Анна Осиповна относилась к занятиям мужа с почтительным уважением. И в этот раз, собираясь беспокоить мужа своим нужным, правда, но мелким делом в сравнении с его работой, она долго не решалась войти к нему в кабинет.
На следующий день Анна Осиповна переоделась в костюм, выбранный еще вместе с Георгием Степановичем, приколола к берету слоника, печально улыбнулась себе в зеркало и вышла в поселок. В поселковой путанице домиков, балаганов и землянок Анна Осиповна отыскала домик Жмаева.
Жмаевы собирались куда-то, Анна Осиповна спросила, Настеньку:
— Вы куда идете-то?
— В школу. Пойдемте вместе.
— Что там сегодня? Собрание?
— В школе-то? — переспросила Настенька. — Да мы уже вторую неделю ходим. Учимся: Смешно ка-ак, чисто маленькие. Я-то еще ничего, а вот вы бы на Даню посмотрели. Ногу втолкал в парту — и ни туда, ни сюда, ни сесть не может и обратно вытащить не может. Хоть отрубай... Из дома табуретку принесли, он теперь с боку парты сидит на ней.
— А что там? Чему вы учитесь-то? — чрезвычайно заинтересованная, спросила Анна Осиповна.
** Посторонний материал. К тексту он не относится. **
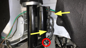 - 断开电气线束连接器(2 个)和线束与左侧后主动减震器的连接。
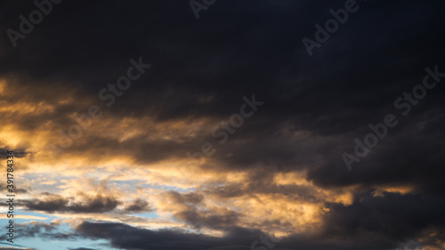 © Anthony, Naklejka premium Coucher de soleil et reflets jaunâtres sous un gros nuage à la base bien sombre
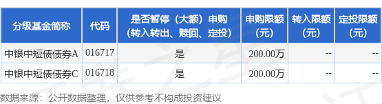 证券之星消息,9月27日中银基金管理有限公司发布《关于中银中短债债券型证券投资基金暂停大额申购及定期定额投资业务的公告》。公告中提示,为保护基金份额持有人利益,自2024年9月27日起中银中短债债券型证券投资基金暂停大额申购及定期定额投资业务,申购上限金额为200.0万元,下属分级基金调整明细如下:
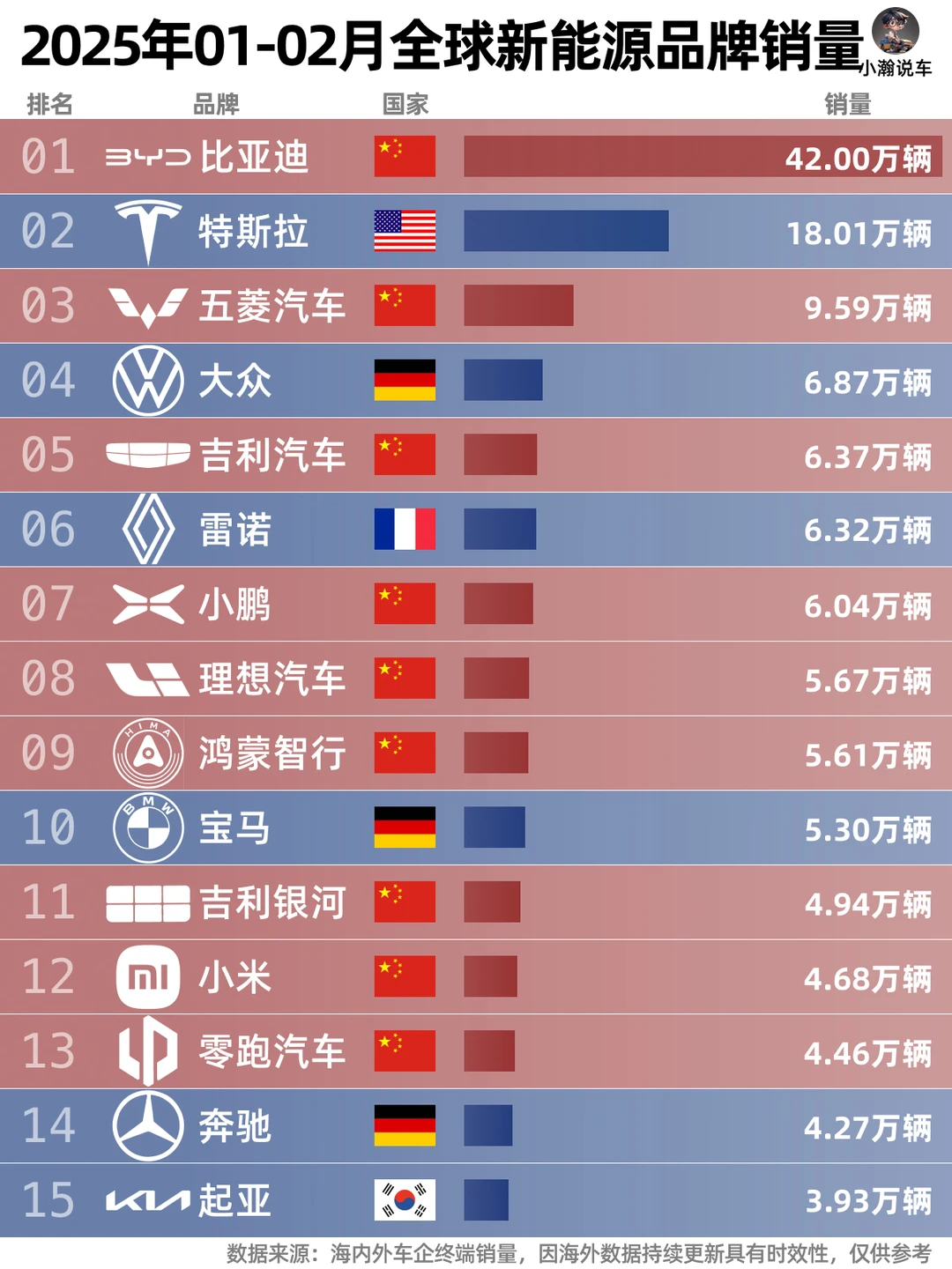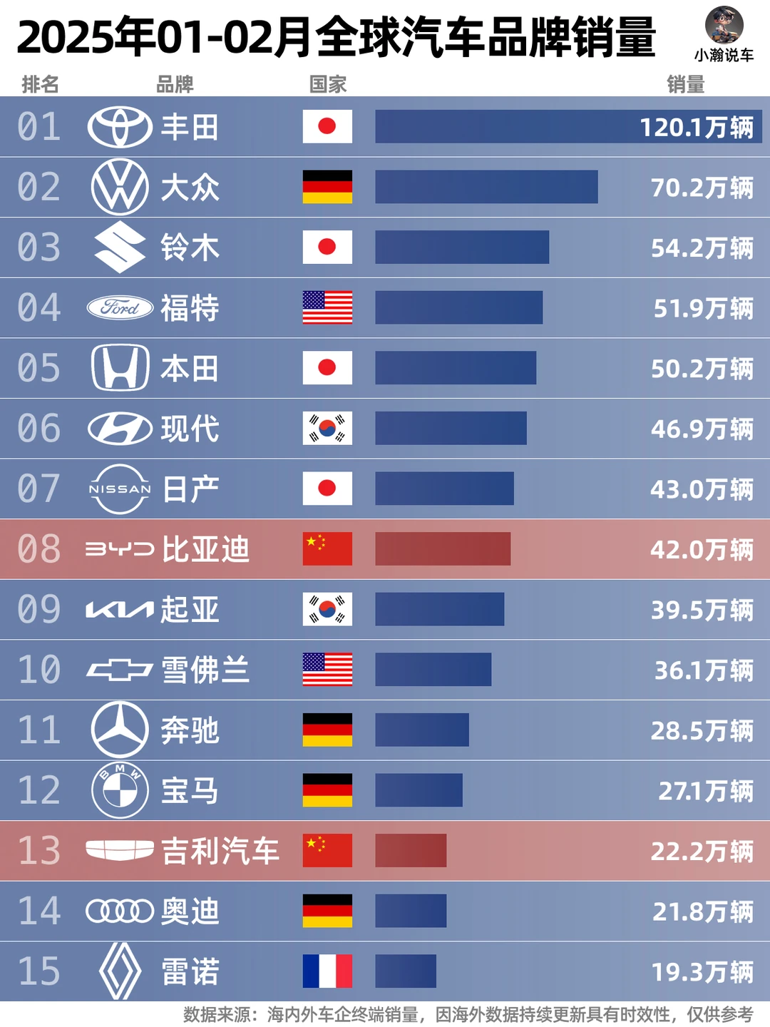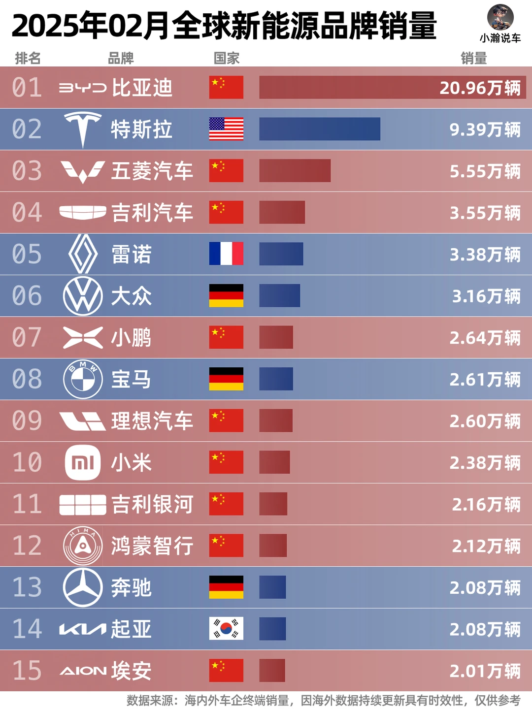 🌟销量总榜上:丰田大众依然稳居榜首。吉利很争气地冲进了前15,今年全年在总榜上也是剑指Top10!比亚迪虽然受国内市场春节的影响销量下滑,但依旧排在第8位。随着国内市场一众新技术、新车型的发布以及海外多地的扩张,今年国内外的销量想必会再创新高!你觉得2025年比亚迪能排第几呢? 🌟新能源榜上:雷诺宝马大众等传统品牌开始发力,旗下新能源车在多个市场取得了不错的成绩。但中国品牌依旧主导着这场全球新能源革命!小鹏、埃安等品牌国内外两线突破。小米、理想等也已经把出海提上了日程,后续表现非常值得期待!
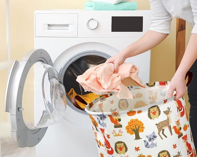 - 【FEATURE】:1.The laundry basket has a large capacity and can store the whole family's clothes. 2.Laundry basket with two handles, easy to move. 3.collapsible design,you can fold it up when you don't need it,easy to store and save space. 4.The pattern of clothes hamper is fashionable and stylish, It will be great gift for family and a good helper for housewives.
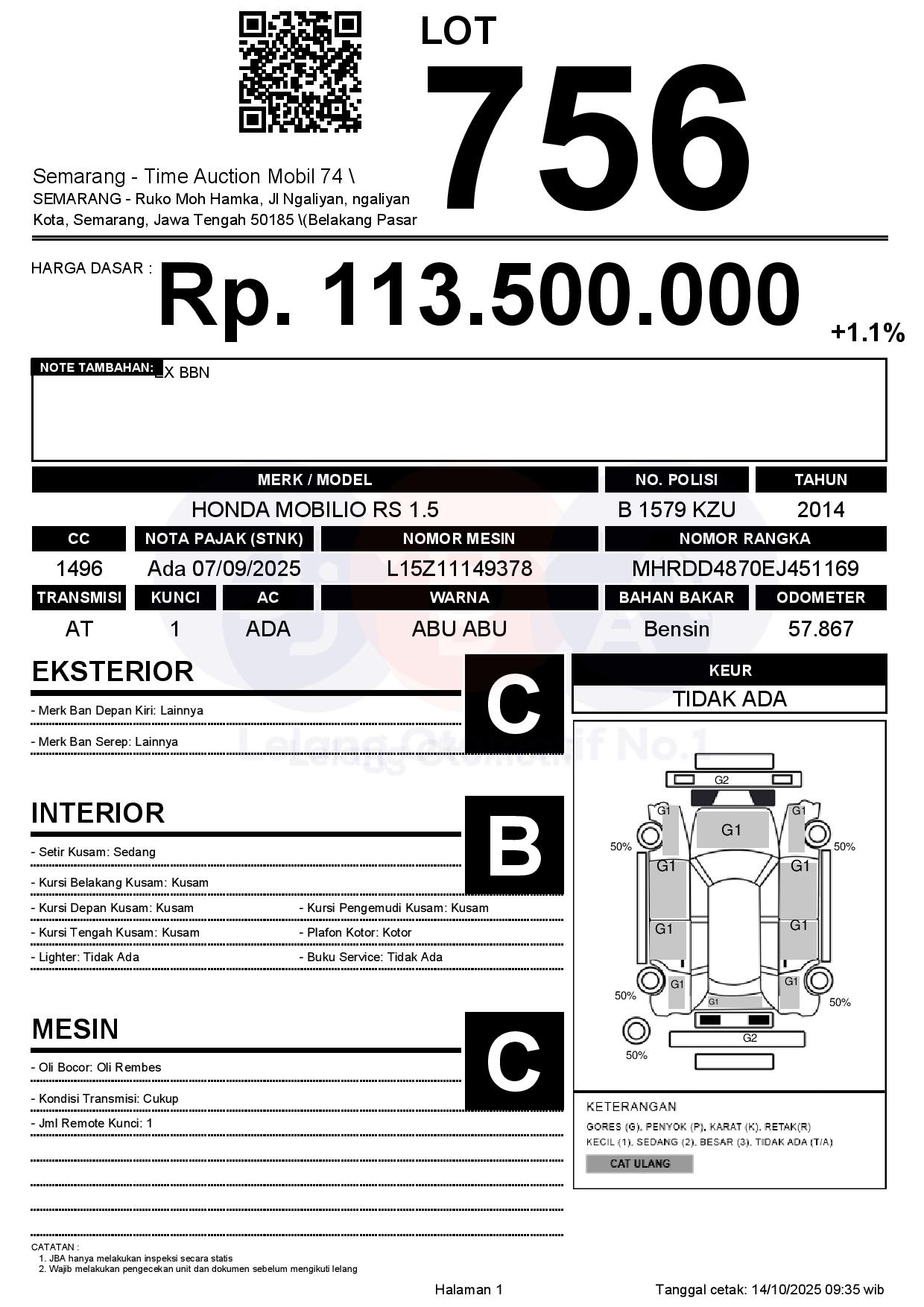 - Kondisi objek lelang dilelang apa adanya, baik kondisi fisik, mesin maupun legalitas kendaraan. Jika terdapat kekurangan/cacat baik yang terlihat maupun yang tidak terlihat, maka semua akan menjadi tanggung jawab/risiko Pemenang Lelang. Oleh karena itu, Pemenang Lelang melepaskan segala hak untuk menuntut dan/atau meminta ganti rugi atas hal tersebut kepada JBA.
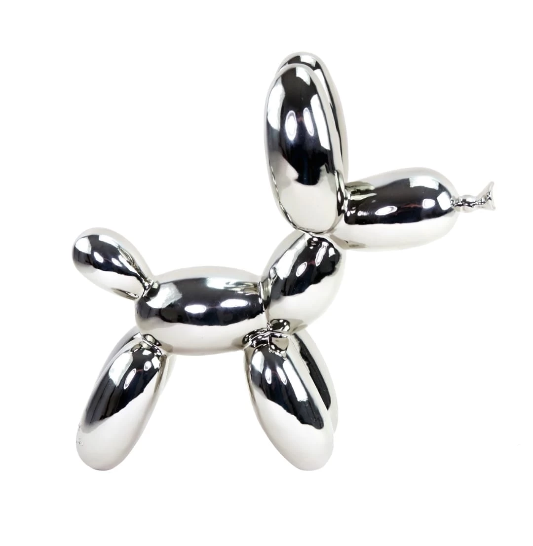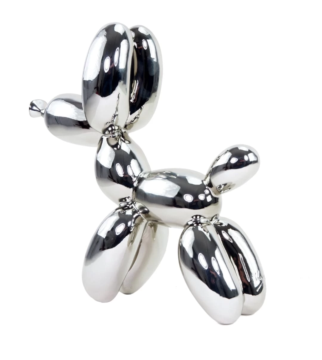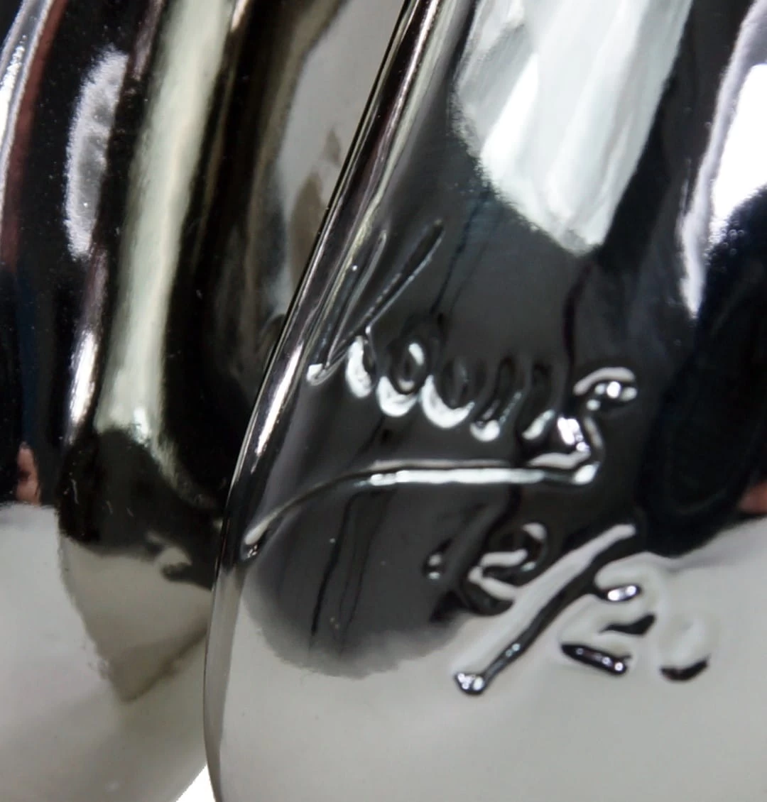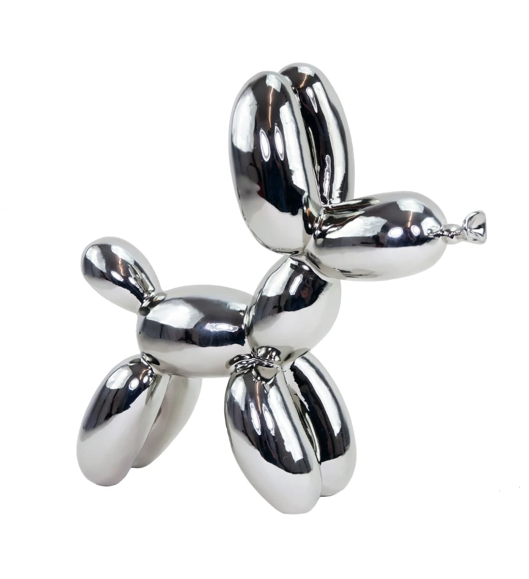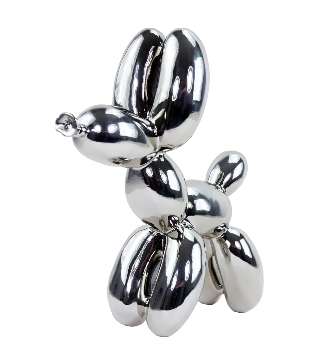 Balloon Dogs are among the most playful yet iconic sculptures of our time. His balloon animals, especially the dog motif, caused a worldwide sensation. By now, they have absolute cult status. In the case of this decorative bronze figurine, we present the Balloon Dog as a modern bronze sculpture. The approximately 26-centimetre-high, free-standing statue fits seamlessly into the series of high-gloss balloon animals that are central to Jeff Koons‘ artistic work. The limited Neo Pop Art sculpture, made of 100% bronze, has been galvanically refined in a silver colour. It is signed and consecutively numbered. The motif perfectly imitates the shape of a balloon dog, like the ones you get at the fair. At the same time, a successful abstraction makes it a modern table sculpture that can be positioned flexibly and definitely does not miss its effect.

— А все равно как в школе: русский язык, арифметика и политграмота. Всех партийных заставили учиться.
— Вы партийная?
— Нет, я беспартийная. Даня у меня партийный, а я еще нет.
— Принимают в школу-то?
— А я не просилась. Пришла, села да и учусь.
— Погодите, — Анна Осиповна запнулась. — Возьмите меня с собой...
— Вот хорошо-то. Посмотрите, а потом Даня проводит вас.
В школе было уже много старателей. Было действительно странно видеть, что в детской школе ходят такие большие, усатые и лысые люди. Они, нагнувшись к низкой вешалке, вешали на колышки большие брезентовые плащи, пиджаки, шляпы и фуражки и, обдергивая рубахи, поправляя старательские пояса, расходились по своим группам.
Настенька потащила Анну Осиповну в класс.
— Здесь на горных техников учатся, — показала она мимоходом в раскрытую дверь. — Вон табуретка-то Данина. Вон у стены-то, рядом с Костей Корневым, — видишь?.. Ну пойдем, сейчас звонок.
— Анька! Откуда? — загремела Булыжиха, бросаясь к Анне Осиповне. — Здорово! К нам? Учительницей?